CRANBERRY, Pa. -- The Penguins' development camp concluded Friday evening with a three-on-three tournament.

Team Jagr, coached by St. Cloud State head coach Brett Larson and consisting of forwards Renars KrastenbergsJake LucchiniSamuel PoulinJared Spooner, and Bobby Trivigno, defensemen Michael KimRoni AllenClayton Phillips, and Liam Ross, and goaltender Emil Larmi captured the Michel Briere Cup in a 7-5 win over Team Lemieux in the championship game.

Here are some takeaways from the tournament:

• Forward Nathan Legare's shot earned a lot of praise when he was drafted, and it still feels like it was understated. He's got a great release, and it's accurate:

"I think (three-on-three) was good for me," Legare said. "When I have space I try to put the puck on the net, and tonight it was successful for me."
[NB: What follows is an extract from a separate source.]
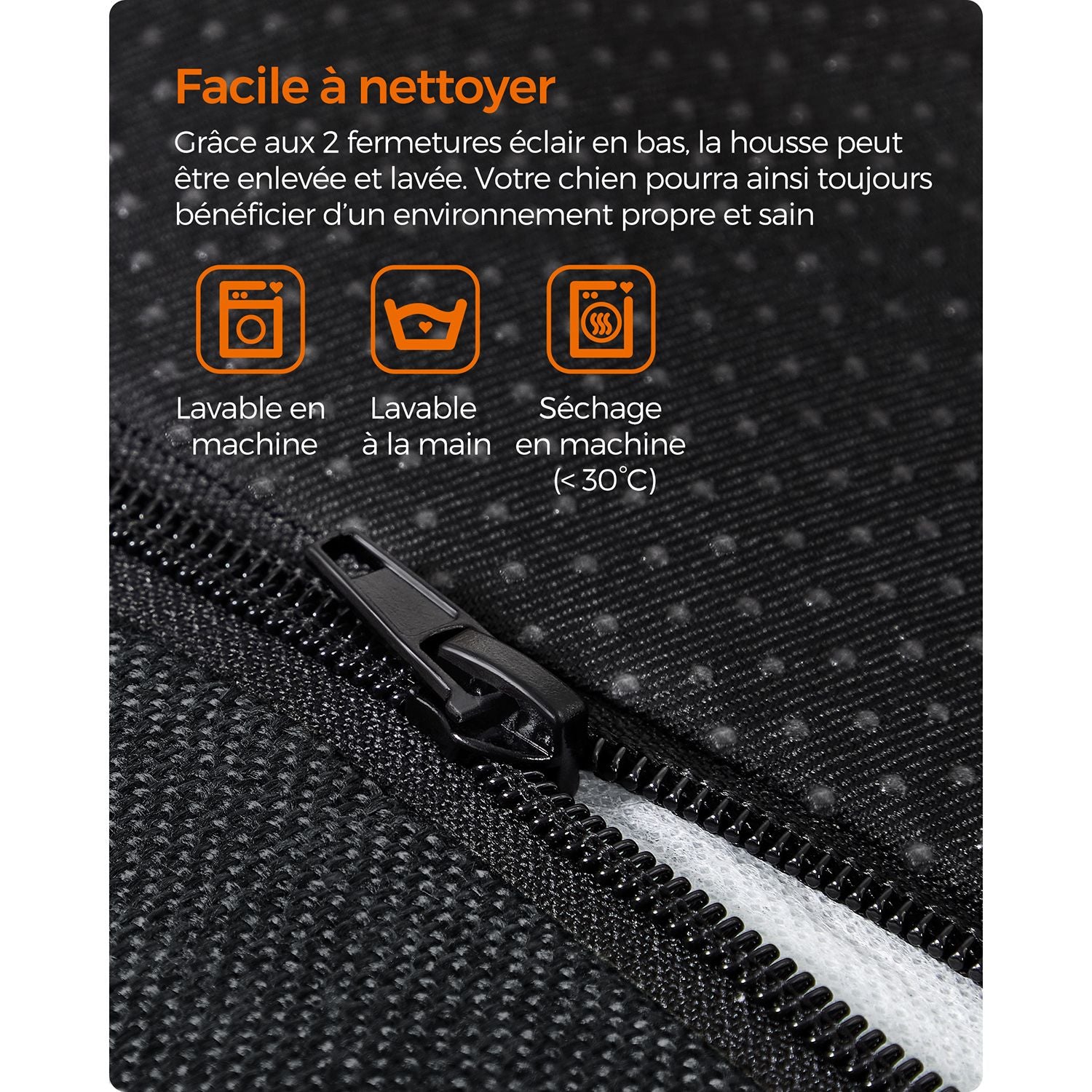 Pratique, ce lit est entièrement déhoussable et lavable en machine. Le nettoyage se fait donc facilement et sans perte de temps, pour garantir un couchage toujours propre et hygiénique.
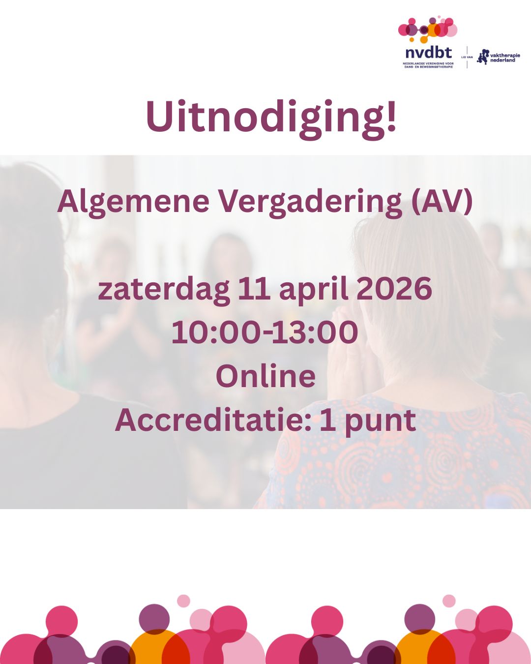 NVDBT staat voor Nederlandse Vereniging voor Dans- en Bewegingstherapie. De NVDBT is als zelfstandige beroepsvereniging lid van Vaktherapie Nederland.

• There were some concerns about Legare and Poulin's skating in some pre-draft scouting reports. Based off of these games, there shouldn't be any concerns. Both were able to keep up with the play, seemed to be agile, and had the lower-body strength to be strong on the puck.

"It's a quick game," Poulin said. "Especially three-on-three, there's a lot of ice to cover. If you're slow it's going to beat you. I think I did pretty well in the tournament."

"I think I work on my speed every day," Legare said. "I want to show the scouts that my skating is not that slow. But for sure it is something that I need to improve, and this is what I'm going to do."

Director of player development Scott Young wasn't concerned with either of the top picks' skating.

"I think their skating looks good," Young said. "I read (scouting reports) too, and again, they're 18 years old. Everybody at 18 years old has to pick up their pace a little bit to play in the NHL. Maybe Connor McDavid didn't have to. But there are very few of those. I see that written, and to me, it's not a concern."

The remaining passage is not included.